Aim of the exercise.
Return the tail of the records exactly, starting from the line containing "Ocean, island &" and ending with the final line.

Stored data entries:
------------------------------

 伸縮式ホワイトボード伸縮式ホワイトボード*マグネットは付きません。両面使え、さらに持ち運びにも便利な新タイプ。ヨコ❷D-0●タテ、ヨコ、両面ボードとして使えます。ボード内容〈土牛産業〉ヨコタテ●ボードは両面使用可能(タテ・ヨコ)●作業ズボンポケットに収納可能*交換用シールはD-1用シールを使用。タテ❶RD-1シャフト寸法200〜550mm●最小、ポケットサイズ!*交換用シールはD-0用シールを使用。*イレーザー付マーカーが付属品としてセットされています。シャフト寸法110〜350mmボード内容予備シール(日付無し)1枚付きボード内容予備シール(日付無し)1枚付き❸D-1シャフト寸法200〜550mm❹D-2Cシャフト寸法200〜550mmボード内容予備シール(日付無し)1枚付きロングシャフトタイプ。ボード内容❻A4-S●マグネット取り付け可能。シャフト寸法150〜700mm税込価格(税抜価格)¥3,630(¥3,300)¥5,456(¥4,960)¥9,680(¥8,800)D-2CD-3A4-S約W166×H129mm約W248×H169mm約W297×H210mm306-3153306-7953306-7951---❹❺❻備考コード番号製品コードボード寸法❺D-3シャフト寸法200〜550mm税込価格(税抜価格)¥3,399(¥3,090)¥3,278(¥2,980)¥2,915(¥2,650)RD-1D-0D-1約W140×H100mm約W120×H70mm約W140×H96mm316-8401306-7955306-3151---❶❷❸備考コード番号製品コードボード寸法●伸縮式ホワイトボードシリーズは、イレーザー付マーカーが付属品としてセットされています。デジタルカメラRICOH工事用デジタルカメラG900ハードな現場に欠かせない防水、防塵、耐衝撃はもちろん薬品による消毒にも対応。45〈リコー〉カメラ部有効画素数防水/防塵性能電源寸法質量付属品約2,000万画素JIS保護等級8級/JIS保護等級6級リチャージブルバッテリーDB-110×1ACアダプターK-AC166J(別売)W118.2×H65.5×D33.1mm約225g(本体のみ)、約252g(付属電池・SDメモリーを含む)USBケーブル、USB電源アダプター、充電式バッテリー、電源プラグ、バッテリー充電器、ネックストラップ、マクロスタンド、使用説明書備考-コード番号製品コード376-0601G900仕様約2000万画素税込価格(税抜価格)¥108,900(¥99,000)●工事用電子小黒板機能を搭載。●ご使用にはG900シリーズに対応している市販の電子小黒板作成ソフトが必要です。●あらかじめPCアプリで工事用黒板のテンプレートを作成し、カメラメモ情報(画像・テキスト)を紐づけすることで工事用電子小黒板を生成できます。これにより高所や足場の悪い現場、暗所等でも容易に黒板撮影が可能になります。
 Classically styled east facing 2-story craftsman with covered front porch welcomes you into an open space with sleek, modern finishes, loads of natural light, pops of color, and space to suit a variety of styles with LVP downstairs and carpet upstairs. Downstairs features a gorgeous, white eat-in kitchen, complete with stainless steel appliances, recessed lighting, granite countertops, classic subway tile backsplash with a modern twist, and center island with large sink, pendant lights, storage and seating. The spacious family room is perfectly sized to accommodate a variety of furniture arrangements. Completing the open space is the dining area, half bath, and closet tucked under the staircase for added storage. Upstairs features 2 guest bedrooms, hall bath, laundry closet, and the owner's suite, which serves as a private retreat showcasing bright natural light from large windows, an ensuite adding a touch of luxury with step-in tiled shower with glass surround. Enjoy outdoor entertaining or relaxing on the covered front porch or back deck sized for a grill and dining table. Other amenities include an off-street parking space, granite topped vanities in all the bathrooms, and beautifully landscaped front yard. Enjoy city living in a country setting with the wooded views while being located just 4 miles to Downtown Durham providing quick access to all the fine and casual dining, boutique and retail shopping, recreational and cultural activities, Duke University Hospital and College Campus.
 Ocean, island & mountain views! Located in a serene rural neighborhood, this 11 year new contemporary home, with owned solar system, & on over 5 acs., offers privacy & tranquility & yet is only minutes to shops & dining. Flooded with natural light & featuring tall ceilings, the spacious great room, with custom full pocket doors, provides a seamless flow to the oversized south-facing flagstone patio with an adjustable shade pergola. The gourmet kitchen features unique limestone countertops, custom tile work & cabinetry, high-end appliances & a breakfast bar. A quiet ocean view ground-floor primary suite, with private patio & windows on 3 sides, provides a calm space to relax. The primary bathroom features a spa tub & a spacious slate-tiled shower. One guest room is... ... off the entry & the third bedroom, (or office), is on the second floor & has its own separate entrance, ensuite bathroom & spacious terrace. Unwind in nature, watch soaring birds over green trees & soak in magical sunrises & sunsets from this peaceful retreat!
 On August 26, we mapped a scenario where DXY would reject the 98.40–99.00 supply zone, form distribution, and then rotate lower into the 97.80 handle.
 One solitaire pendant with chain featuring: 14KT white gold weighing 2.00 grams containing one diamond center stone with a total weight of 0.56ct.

------------------------------

Result of the task.
 Ocean, island & mountain views! Located in a serene rural neighborhood, this 11 year new contemporary home, with owned solar system, & on over 5 acs., offers privacy & tranquility & yet is only minutes to shops & dining. Flooded with natural light & featuring tall ceilings, the spacious great room, with custom full pocket doors, provides a seamless flow to the oversized south-facing flagstone patio with an adjustable shade pergola. The gourmet kitchen features unique limestone countertops, custom tile work & cabinetry, high-end appliances & a breakfast bar. A quiet ocean view ground-floor primary suite, with private patio & windows on 3 sides, provides a calm space to relax. The primary bathroom features a spa tub & a spacious slate-tiled shower. One guest room is... ... off the entry & the third bedroom, (or office), is on the second floor & has its own separate entrance, ensuite bathroom & spacious terrace. Unwind in nature, watch soaring birds over green trees & soak in magical sunrises & sunsets from this peaceful retreat!
 On August 26, we mapped a scenario where DXY would reject the 98.40–99.00 supply zone, form distribution, and then rotate lower into the 97.80 handle.
 One solitaire pendant with chain featuring: 14KT white gold weighing 2.00 grams containing one diamond center stone with a total weight of 0.56ct.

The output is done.